In the second place, the court found that there was an agreement between the parties that the plaintiff Anthony should put his service against the money which the other parties to the adventure should expend in paying for the mine, and that, as the other parties had received shares of stock to the amount of the money they had contributed, Anthony was entitled also to receive stock to the value of the services rendered by him less $553.50, unlawfully drawn from the company’s treasury.
*393It will be noted that here was an agreement between the parties. Anthony, in effect, was to pay in services irrespective of their value, and against these services the other parties were to pay money. Anthony’s services constituted in effect a liquidated demand, and this, coupled with the agreement recited in the opinion, probably brought the case within the rule, as stated in Cook on Corporations, Chapter II, Sections 16,17 and 18. The writer of this opinion, who tried the case at Circuit, thought and decided differently but was reversed, and no doubt properly, by this court.
It may be proper to add that the phase of the case here discussed was not argued in the briefs of counsel, or alluded to by the court in its opinion in Anthony v. Hillsboro, etc., 58 Or. -258 (113 Pac. 442, 114 Pac. 95), the defendants relying principally upon certain estoppels pleaded in the answer as a defense against the patent irregularity in the notice of sale of the stock.
4. It is claimed that the assessment is unequal, but no inequality is shown in the pleadings, which allege in substance that each subscriber paid the first assessment of 10 per cent on the stock subscribed by him, and that no other payments had been made thereon by anybody, except in so far as the value of the services rendered by plaintiff and Fenner constituted' payments. In the testimony it appeared that at the inception of the corporation Fenner had furnished certain necessary machinery, for which he had never been paid. Fenner presented a claim for the price of the machinery, with interest, and this claim was allowed by the corporation, and by agreement he was given credit for the amount in payment of his assessment. In this, in the absence of fraud, there was nothing illegal. There is no doubt or controversy about his having furnished the machinery and nothing to indicate *394that his claim for compensation was not just. The corporation had a right to allow it and, when so allowed, to agree that the amount found due him should be credited upon the sum due upon stock subscription.
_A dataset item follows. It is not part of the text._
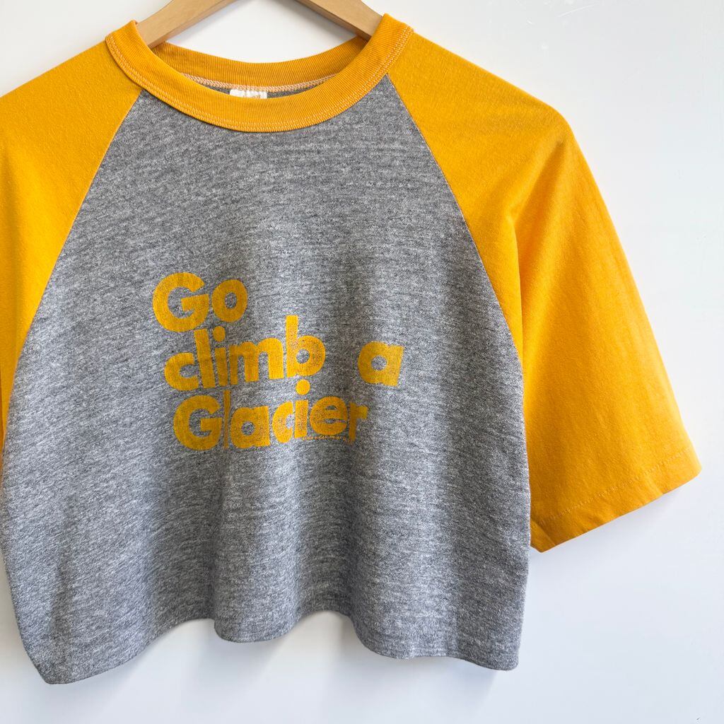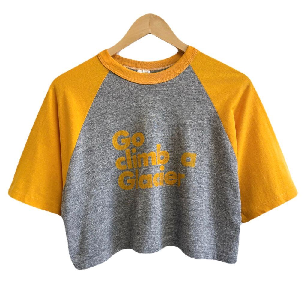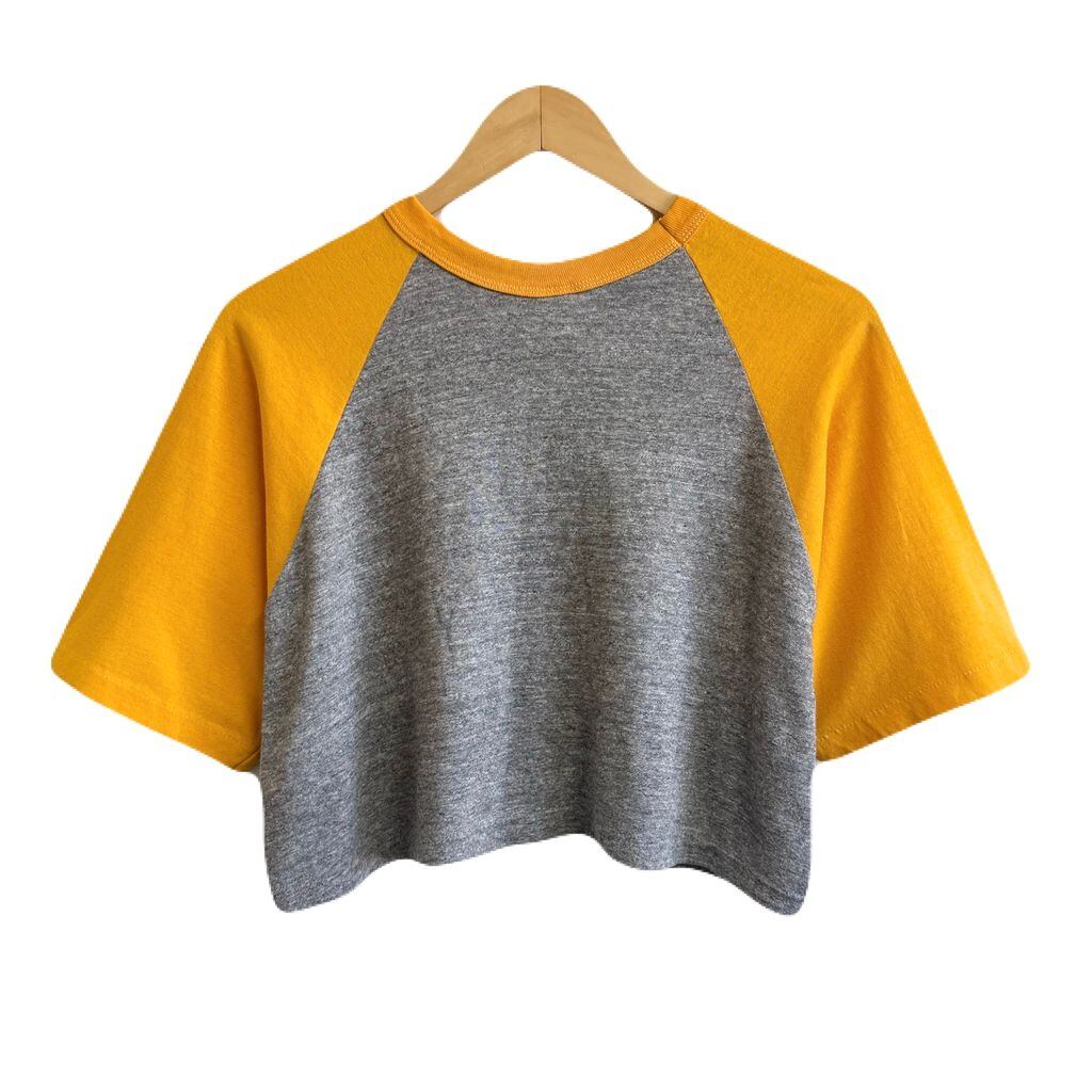 70's〜 vintage ビンテージ USA製 Sportswear ショート丈 クロップド ラグランスリーブ シングルステッチ 半袖Tシャツ やまぶきいろ×グレー XLサイズ No.P356

Had plaintiff presented his claim for services and succeeded in inducing the corporation to allow it or part of it and to credit it upon his stock subscription, the transaction would have been perfectly legal and regular, hut his claim has never been liquidated and no agreement to credit it upon his stock subscription has been shown, so that so far as we can see he has no remedy except to pay his subscription and bring his action at law upon his alleged claim for services, so that a jury, which is seldom illiberal when a question of wages is submitted to it, can determine what the actual agreement was in reference thereto and appraise the value of the services performed.
The decree of the Circuit Court is affirmed.
Affirmed.
Bean, Johns and Bennett, JJ., concur.